In the UK this morning, the Bank of England cut interest rates by 50 basis points to 0.25% in a near unprecedented step, taking them back to a record low level not seen since the financial crisis.

Reacting to the expected fallout from the coronavirus, the Bank unanimously voted for the cut, and also said it would relax capital rules to help support borrowing. Mark Carney did not announce any expansion of bond purchases, perhaps leaving the Bank with another card to play should the situation worsen.

Celine Hartmanshenn, Global Head of Risk at Stenn Group, an international provider of trade finance headquartered in the UK, comments on the BoE’s decision to cut interest rates to 0.25% as an emergency measure:

“The Bank of England has wasted no time cutting rates to near rock bottom levels. But while it may bring some benefit to consumers and heavily indebted companies, lowering interest rates is unlikely to help prevent the economic wrath of the coronavirus. We saw this already in the trade war. Lowering rates helps the stock markets, which will become more relaxed now, but the real economy isn’t the stock market.

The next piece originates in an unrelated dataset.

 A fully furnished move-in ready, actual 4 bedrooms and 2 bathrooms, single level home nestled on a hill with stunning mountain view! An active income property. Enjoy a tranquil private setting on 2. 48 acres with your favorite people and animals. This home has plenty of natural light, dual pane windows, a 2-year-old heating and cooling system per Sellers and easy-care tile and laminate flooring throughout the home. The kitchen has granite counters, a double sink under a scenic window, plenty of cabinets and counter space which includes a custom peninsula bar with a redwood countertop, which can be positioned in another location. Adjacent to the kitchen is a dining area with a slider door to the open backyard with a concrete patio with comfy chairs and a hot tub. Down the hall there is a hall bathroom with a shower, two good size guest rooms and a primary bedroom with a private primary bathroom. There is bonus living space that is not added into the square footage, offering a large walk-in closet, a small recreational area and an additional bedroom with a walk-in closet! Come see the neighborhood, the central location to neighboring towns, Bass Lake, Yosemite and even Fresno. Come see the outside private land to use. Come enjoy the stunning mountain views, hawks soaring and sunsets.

“It’s unlikely that indebted companies, those in need of financial support, will be unable to access further loans from banks, as they’ll be looking at ratios of balance sheets, and there is an end of the line which was reached way prior to the trade war. These companies will now need to look to private lenders and alternative finance providers instead.

“Cheaper money also won’t have much effect in a supply shock. Manufacturing is where we will see one of the biggest crunches, and will cause the economy to dip. The volume of goods being produced is lowering, as factories in China, usually in a dominant manufacturing position, are operating at about 50% of the workforce. This will have a ripple effect around the world, not just in the UK but emerging markets who rely on China for goods.

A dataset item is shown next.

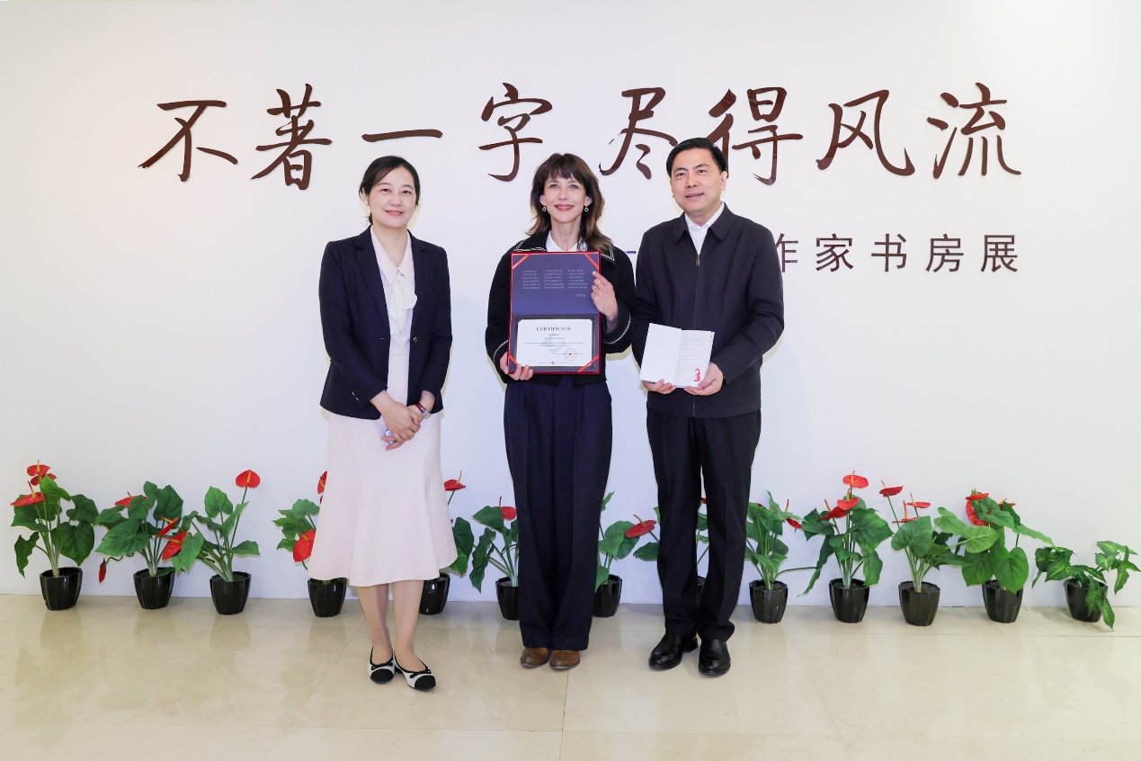 發布會前,蘇菲·瑪索參觀了中國現代文學館作家書房展以及中法交流珍品陳列,并向中國現代文學館捐贈簽名著作,中國現代文學館常務副館長王軍接受捐贈。

“The ECB is due to report tomorrow and we’re expecting a reduced rate also, but it’s a mistake for central banks to use Coronavirus as an excuse to lower interest rates. It would be more effective for governments to introduce temporary tax breaks, new loan programs, or other financing to companies hurt by the virus. This is all about raising stock prices and lowering borrowing costs. The measures put forward by the world’s bankers can’t keep workers from getting sick or factories from closing.”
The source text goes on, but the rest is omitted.